VMware Cloud Community
gunga
Contributor
Contributor

HA agent on host1 in cluster one has an error:HA agent on host failed

Hello,

HA agent on host1 in cluster one has an error:HA agent on host failed

I receive the error in the subject line above. I checked the logs and the agent starts running again randomly. Sometimes in 3 seconds and

sometimes in just less then 2 minutes. 

What I have is 3 hosts all using the same hardware

host1 has (vm1 and a virtual Vcenter running)

host2 has (vm2)

host3 has (vm3)

Randomly on a daily basis any or all of the hosts come up with that error, but they resolve after awhile as stated. Some days none of them

get this error and other days 1,2 or 3 get the error.

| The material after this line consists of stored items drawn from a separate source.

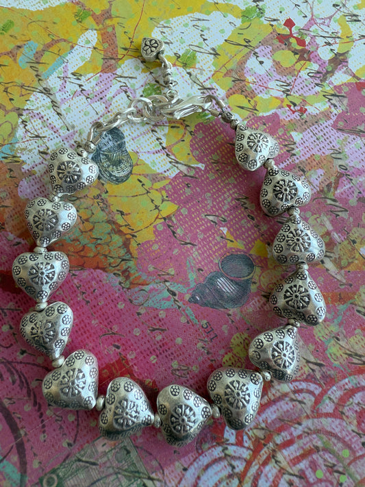 Fine silver stamped heart bracelet with extender chain. 7.5-8.5”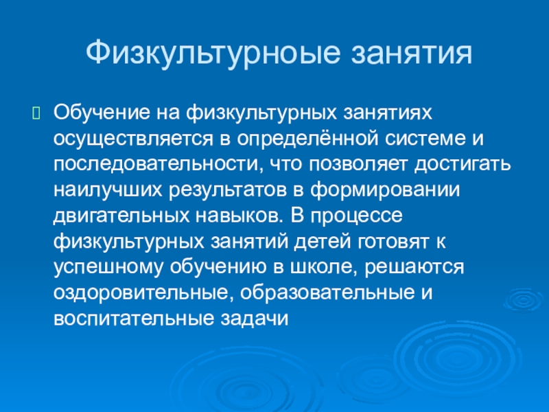 что позволяет достигать наилучших результатов в формировании двигательных навыков. В процессе физкультурных занятий детей готовят к успешному обучению в школе, решаются оздоровительные, образовательные и воспитательные задачи
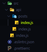 src/api처럼 localhost:4000/api/이부분 2단계를 처리하려면 위처럼 api안에 또다른 폴더(여기선 posts)를 만들어주고, src/api/index.js에서 처리해주면 된다.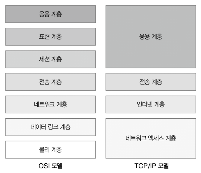 OSI 모델은 네트워크의 이론적 기술이 목적인 반면, TCP/IP 모델은 구현과 프로토콜에 중점을 둔 네트워크 참조 모델이다.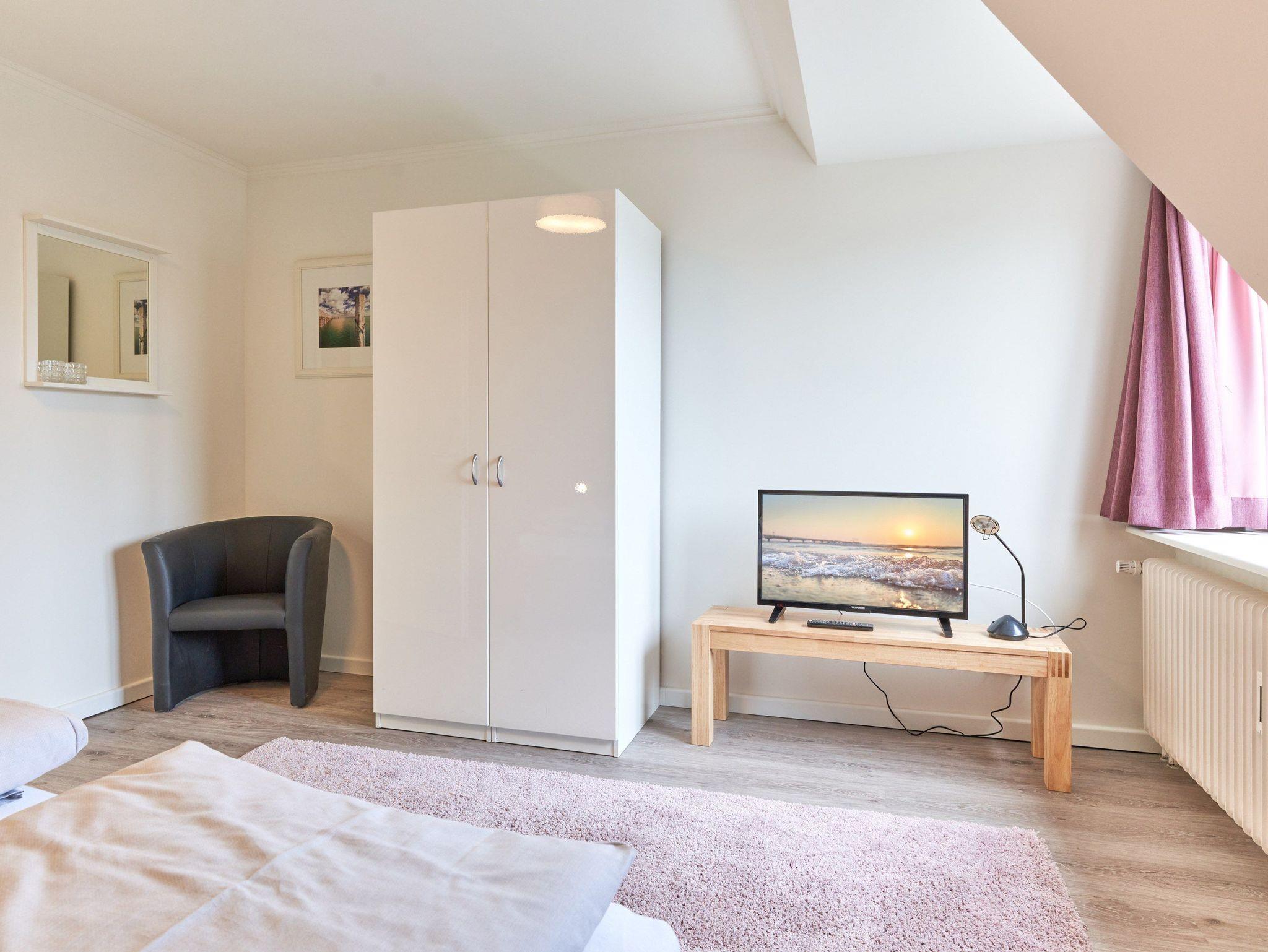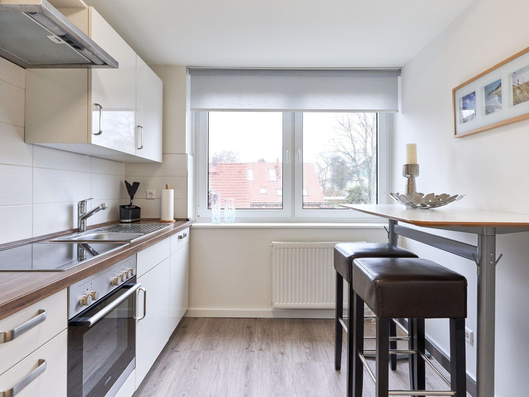 Dieses in 2022 umfassend renovierte und großzügig geschnittene Apartment teilt sich auf in Küche, Tageslichtbad, 2 große Schlafzimmer, Wohnbereich und möblierten Balkon. Die Einbauküche ist komplett ausgestattet, mit einem Kaffeetresen, Geschirrspüler und neuer Filter Kaffeemaschine eingerichtet. Im komplett neu gestalteten Badezimmer finden Sie eine Echtglasdusche, Lichtspiegel, neue Badobjekte mit Unterschrank sowie einen Badheizkörper für Handtücher. Der moderne, helle Wohnbereich ist mit großen Fenstern. gemütlicher Sitzecke (mit Schlafoption für eine fünfte Person), Flachbildschirmfernseher, sowie einem Essplatz ausgestattet. Beide Schlafzimmer sind mit einem Doppelbett eingerichtet, ein Schlafzimmer bietet einen extra Fernseher. Verdunkelungsgardinen sorgen in Wohn- und Schlafzimmern für eine gemütliche Atmosphäre und ungestörten Schlaf.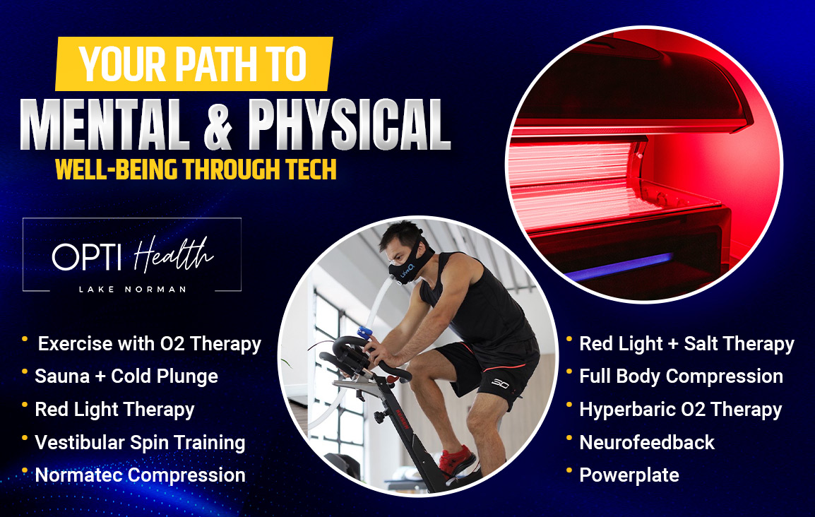 Our wellness modalities at OPTI Health Lake Norman include a variety of cutting-edge treatments designed to enhance overall health. These services include cold plunge and compression therapy for improved circulation and recovery, Intermittent Hyperoxic/Hypoxic Training (IHHT), and Hyperbaric Oxygen Therapy (HBOT) for increased oxygenation and healing. Additionally, we offer an infrared sauna, red light bed therapy, and the Vitality Booth to promote detoxification, cellular regeneration, and overall vitality.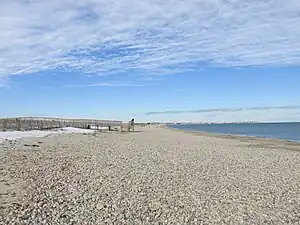 Duxbury Beach is a barrier beach in the town of Duxbury, Massachusetts. It is six miles long and is accessed by the Powder Point Bridge from Duxbury, or Gurnet Road from Marshfield. Since 1975, approximately 4.5 miles of the beach is owned by Duxbury Beach Reservation, Inc,[1][2] which annually leases a substantial portion of the beach—excepting the Duxbury Beach Park area—to the town of Duxbury. Under this arrangement, the town issues beach vehicle permits, provides police protection, and provides conservation officers to patrol the beach in all seasons of the year.[3]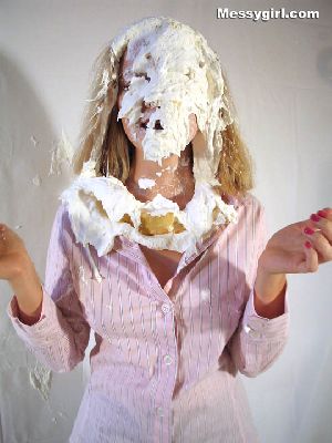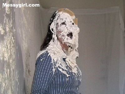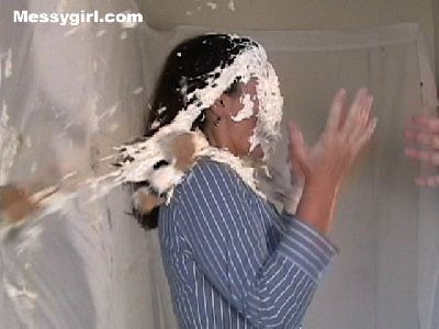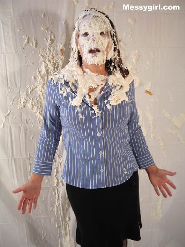 Cindy and her boyfriend wanted to post pics on our Messy Wives and Girlfriends section, but asked us to do the wamming as he watched. Needless to say he enjoyed what we did to her as we creamed her with over a dozen pies and covered her in a gallon of slime.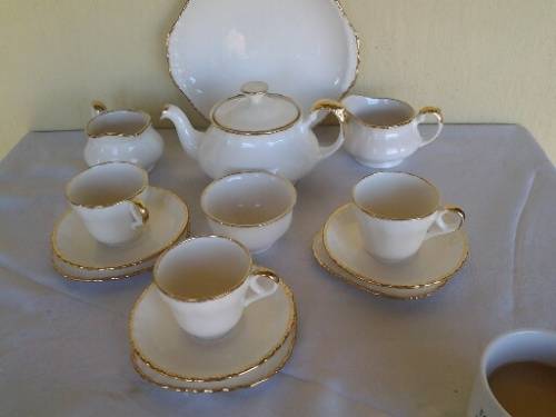 stunning part vintage white and gold grindely cream petal tea set items consist of a tea pot , cake plate three stunning tea cup trios one milk and sugar bowl with extra milk jug all items are in good used condition all for one bid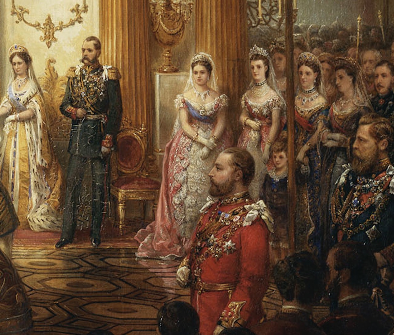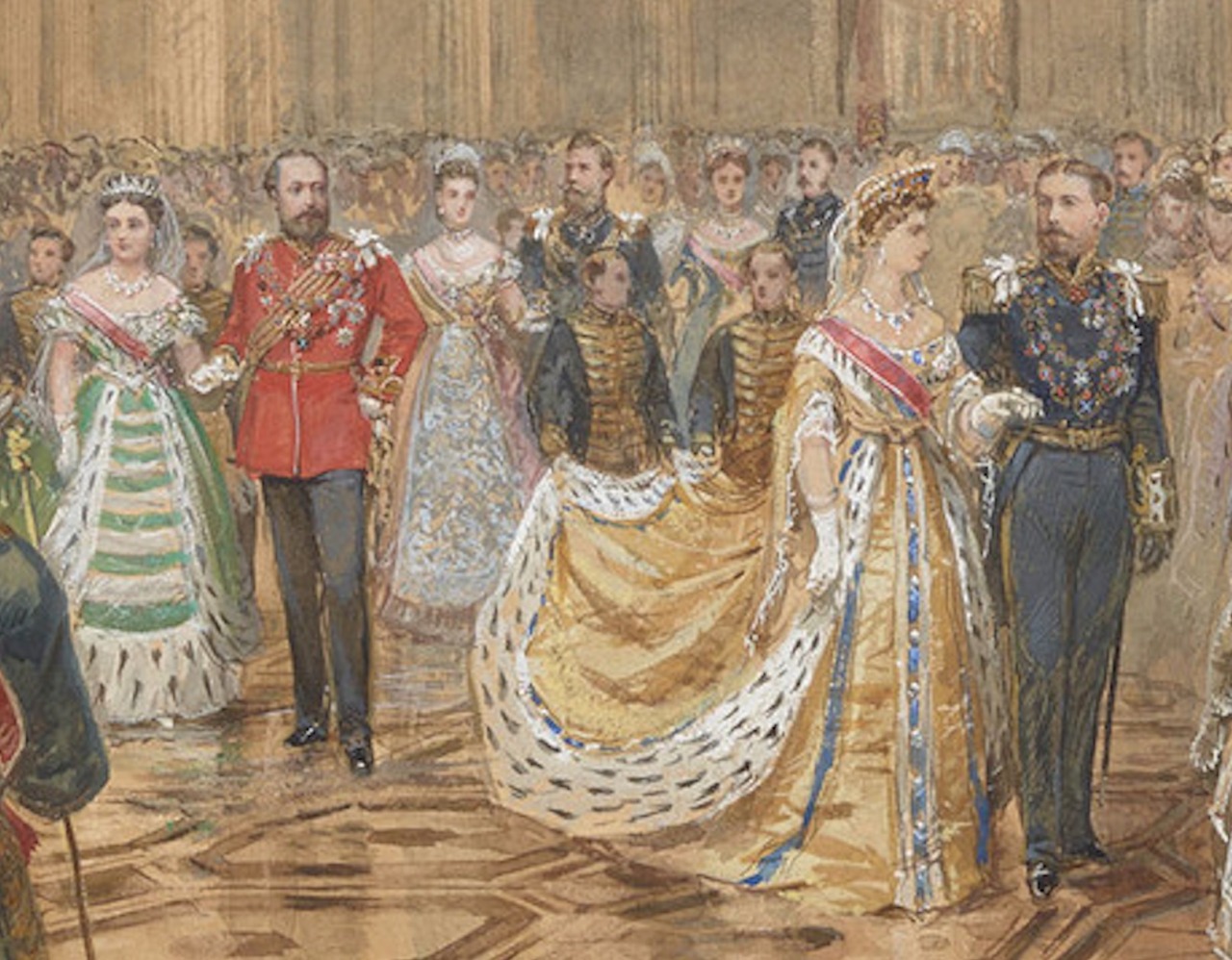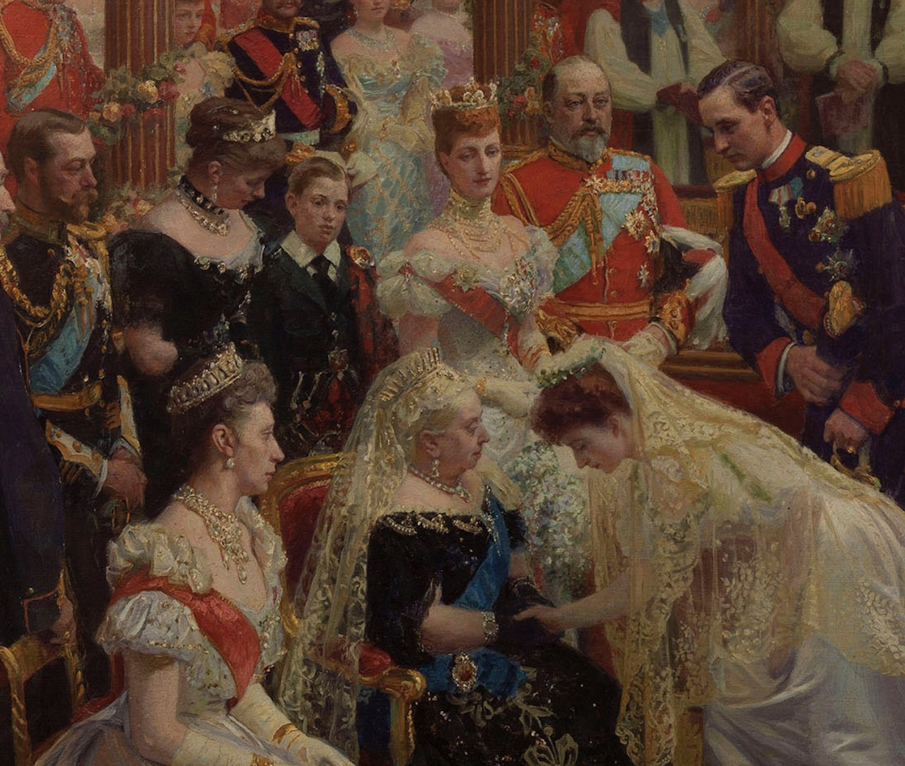 In this evocative study, the sumptuous white brocaded silk of Princess Alexandra’s court dress and the rich crimson velvet of her overskirt, woven with gold embroidery, are minutely described by Chevalier. In the finished work for which this is one of several studies, the Princess of Wales stands next to her sister, Maria Feodorovna, but the accurate details of dress and jewels seen in this study and its two companions were not translated by the artist into the painting of the marriage of Prince Alfred and Grand Duchess Maria Alexandrovna.

I don't see any performance issues in the logs. I have 2 nics on vmotion\management in an active active configuration on all hosts. I am todl to

put the nics in active active so can't really change that. But I don't think it is a network issue, although it should be. If this were a network issue

would host1 ever lose heartbeat?

Can anyone tell me something about this error? Perhaps find a way to stop it from occuring? I reset my vmonitoring to a lower level so that  the

vm's doing keep shutting down and restarting. So that helps, but would like to know why it occurs.

0 Kudos
6 Replies
admin
Immortal
Immortal

Which version of vCenter are you using? Which logs on the host did you look at?

0 Kudos
gunga
Contributor
Contributor

Vcenter 4 Standard, although the install package says 4.1.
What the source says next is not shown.